* **Goal of the exercise**
Using only the entries below, output the lines starting at the one containing "needs) | |||" and ending at the one containing "Carta da parati", exactly and inclusive of both, omitting the pictures.
*** Records for this exercise Section Begins ***
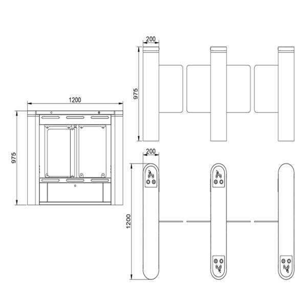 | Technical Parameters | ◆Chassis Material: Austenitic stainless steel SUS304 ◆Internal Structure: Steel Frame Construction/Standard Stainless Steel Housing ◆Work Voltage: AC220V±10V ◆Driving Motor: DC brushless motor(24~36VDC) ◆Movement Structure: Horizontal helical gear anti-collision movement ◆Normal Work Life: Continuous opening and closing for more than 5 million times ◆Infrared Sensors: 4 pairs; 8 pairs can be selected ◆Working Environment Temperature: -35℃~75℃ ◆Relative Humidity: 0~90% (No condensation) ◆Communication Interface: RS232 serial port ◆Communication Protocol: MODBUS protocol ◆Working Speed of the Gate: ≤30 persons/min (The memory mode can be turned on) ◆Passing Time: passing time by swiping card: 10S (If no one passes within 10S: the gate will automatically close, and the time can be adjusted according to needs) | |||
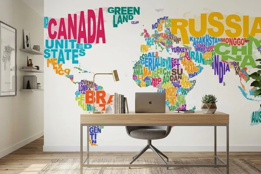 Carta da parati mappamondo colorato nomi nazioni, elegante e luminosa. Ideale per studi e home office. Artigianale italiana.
*** Records for this exercise Section Ends ***
*** Records for this exercise Section Begins ***
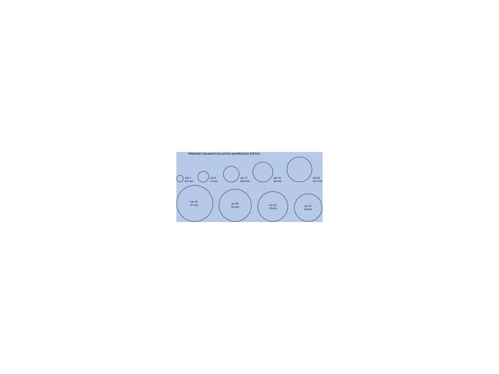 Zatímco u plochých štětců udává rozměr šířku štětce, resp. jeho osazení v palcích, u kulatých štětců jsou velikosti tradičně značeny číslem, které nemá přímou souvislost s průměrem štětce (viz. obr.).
*** Records for this exercise Section Ends ***
* **Result for this task**
 | Technical Parameters | ◆Chassis Material: Austenitic stainless steel SUS304 ◆Internal Structure: Steel Frame Construction/Standard Stainless Steel Housing ◆Work Voltage: AC220V±10V ◆Driving Motor: DC brushless motor(24~36VDC) ◆Movement Structure: Horizontal helical gear anti-collision movement ◆Normal Work Life: Continuous opening and closing for more than 5 million times ◆Infrared Sensors: 4 pairs; 8 pairs can be selected ◆Working Environment Temperature: -35℃~75℃ ◆Relative Humidity: 0~90% (No condensation) ◆Communication Interface: RS232 serial port ◆Communication Protocol: MODBUS protocol ◆Working Speed of the Gate: ≤30 persons/min (The memory mode can be turned on) ◆Passing Time: passing time by swiping card: 10S (If no one passes within 10S: the gate will automatically close, and the time can be adjusted according to needs) | |||
 Carta da parati mappamondo colorato nomi nazioni, elegante e luminosa. Ideale per studi e home office. Artigianale italiana.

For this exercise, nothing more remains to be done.